Representation matters in clinical trials. Without it, researchers might miss some serious drug interactions in studies that have the specific purpose of testing the safety of treatments for the general population, not just the safety of treatments for white people.
How We Can Move Forward
So, to summarize. These clinical trials, just like many other dermatology clinical trials, are for some reason heavily oversampling white participants. Their samples are not representative of the populations of the United States or Canada, nor are they representative of the larger global population, even though the prevalence of psoriasis across different ethnic groups is in the same general ballpark. The exclusion of different ethnic groups in clinical trials could and might just cause researchers to miss potentially fatal drug interactions. This practice needs to stop.
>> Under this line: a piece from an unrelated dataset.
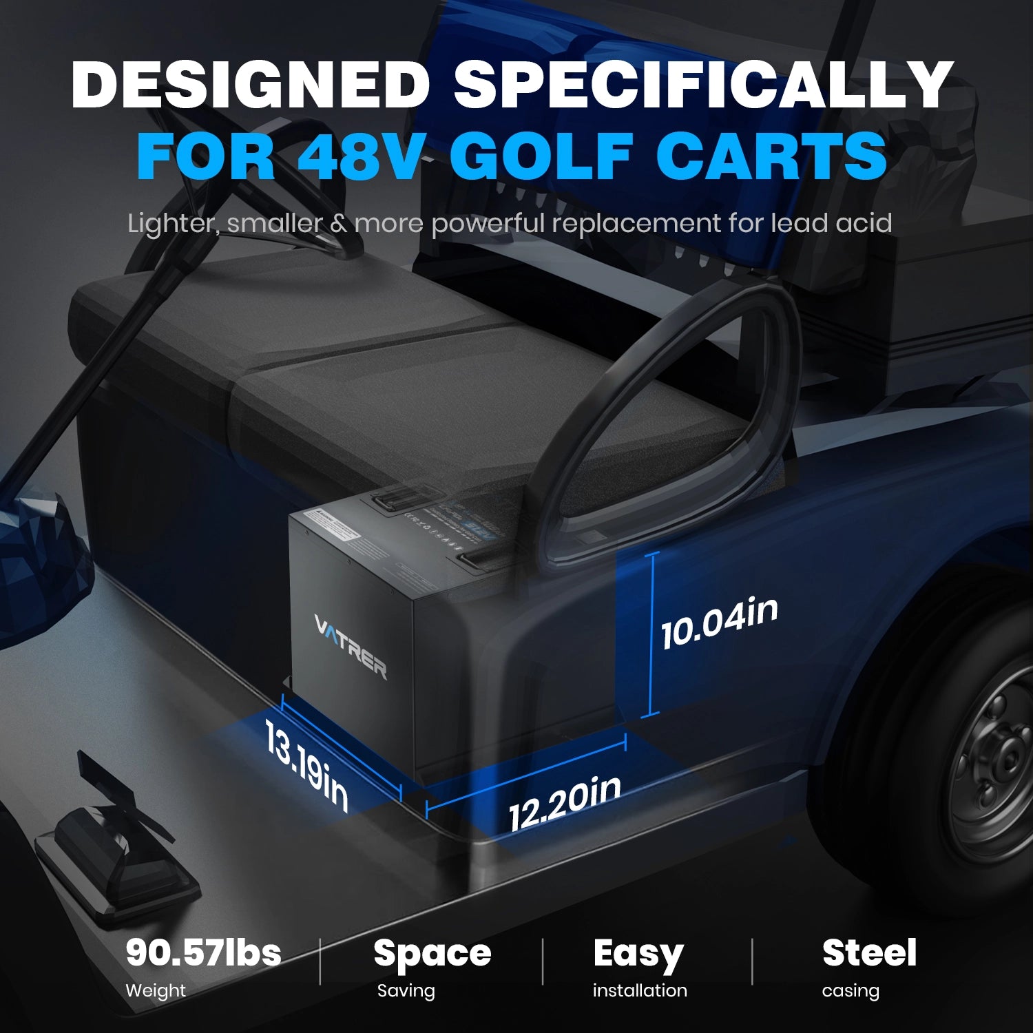 Looking for a reliable upgrade for your 48V golf cart? This Vatrer power 48V 105Ah mini battery measures 13.19 x 12.2 x 10.04 inches and weighs just 90.57 lbs, fitting easily into tight spaces compared to double-sized alternatives. It provides 5,376kWh of usable energy and 10,24kw power enough to power your 48V golf cart for extended use and is built with high-quality lifepo4 cells and a durable SPCC steel casing design.

Here are a few measures that can start to help:
- Regulatory institutions like the FDA or Health Canada could put requirements in place for proportional representation.
- Grant funding for drug research and development could be tied to specific diversity targets in sample groups.
- Healthcare researchers, professional bodies, and institutions could take steps to rebuild the trust of groups that have been historically harmed through medical research.
- And healthcare researchers themselves should be aware of the risks of oversampling white participants. They too, need to take steps to make their studies more inclusive.